A stateless nation, in the political science sense, is an ethnic group that does not possess its own sovereign state. The term was coined in 1983 by political scientist Jacques Leruez in his book L'Écosse, une nation sans État, written about Scotland's position within the British state. Scottish scholars including David McCrone, Michael Keating, and T. M. Devine later adopted and spread the term more broadly.
The Kurds represent one of the most prominent contemporary examples. Estimated at between 30 and 45 million people, the Kurdish population has no recognized sovereign state. Members of a stateless nation are often not personally stateless as individuals, since they frequently hold citizenship in one or more recognized countries. The political condition of the group and the legal condition of the individual are distinct, though the two can intersect when governments strip rights from minority populations, as the case of the Kurds in Syria illustrates: by 2011, close to an estimated 300,000 stateless Kurds were living inside Syrian borders.
Common questions
What does it mean to be stateless under international law?
A stateless person is someone "not considered as a national by any state under the operation of its law", a definition established by the 1954 UN Convention relating to the Status of Stateless Persons. The status ultimately depends on the viewpoint of individual states toward a person or group, and it can result from conflicting nationality laws, state succession, administrative barriers, or deliberate government action.
How many stateless people are there in the world?
At the end of 2022, UNHCR estimated 4.4 million people worldwide as either stateless or of undetermined nationality, an increase of roughly 90,800 from the end of 2021. That figure is incomplete because UNHCR lacks data from at least 22 countries with mass statelessness, and it excludes de facto stateless people with no legal identity documents; the World Bank estimates at least 850 million people fit that broader category.
What are the main causes of statelessness?
The main causes include conflicting nationality laws at birth, particularly clashes between jus soli and jus sanguinis systems; gender discrimination in nationality laws, with women in 24 countries legally barred from transmitting citizenship to their children as of 2022; state succession events such as the dissolution of the Soviet Union in 1991; and administrative obstacles including missing birth registration, excessive documentation fees, and unrealistic procedural deadlines.
What UN conventions address statelessness and when were they adopted?
The UN adopted the Convention relating to the Status of Stateless Persons in 1954, which provided the first international definition of a stateless person and outlined protective rights. Seven years later, in 1961, the UN adopted the Convention on the Reduction of Statelessness, which entered into force on the 13th of December 1975 and sets standards on nationality acquisition, renunciation, and deprivation. As of September 2015, the 1954 convention had 86 state parties.
Who are the Bedoon and why are they stateless in Kuwait?

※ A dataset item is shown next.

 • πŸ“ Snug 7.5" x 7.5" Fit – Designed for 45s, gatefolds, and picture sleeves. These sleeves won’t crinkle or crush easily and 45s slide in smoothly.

The Bedoon are a mostly tribal stateless population in Kuwait, largely from the Al-Muntafiq tribal confederation, who were treated as citizens from 1965 to 1985 and made up 80-90% of the Kuwaiti Army in the 1970s and 1980s. In 1985, the government reclassified them as illegal residents during the Iran-Iraq War, and by 1986 they were fully excluded from social and economic rights. A 1995 Human Rights Watch report described the treatment as "a policy of denationalization" amounting to an apartheid-like existence.

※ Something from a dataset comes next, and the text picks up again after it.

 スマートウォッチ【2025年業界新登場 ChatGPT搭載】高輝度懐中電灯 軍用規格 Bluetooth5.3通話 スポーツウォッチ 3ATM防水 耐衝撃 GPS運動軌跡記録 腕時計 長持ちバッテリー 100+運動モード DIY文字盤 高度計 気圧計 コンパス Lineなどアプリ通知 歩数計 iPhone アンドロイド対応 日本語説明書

What is a stateless nation and who coined the term?
A stateless nation is an ethnic group or nation that does not possess its own sovereign state. The term was coined in 1983 by political scientist Jacques Leruez in his book L'Écosse, une nation sans État, about Scotland's position within the British state. A prominent contemporary example is the Kurdish population, estimated at 30-45 million people, which has no recognized sovereign state.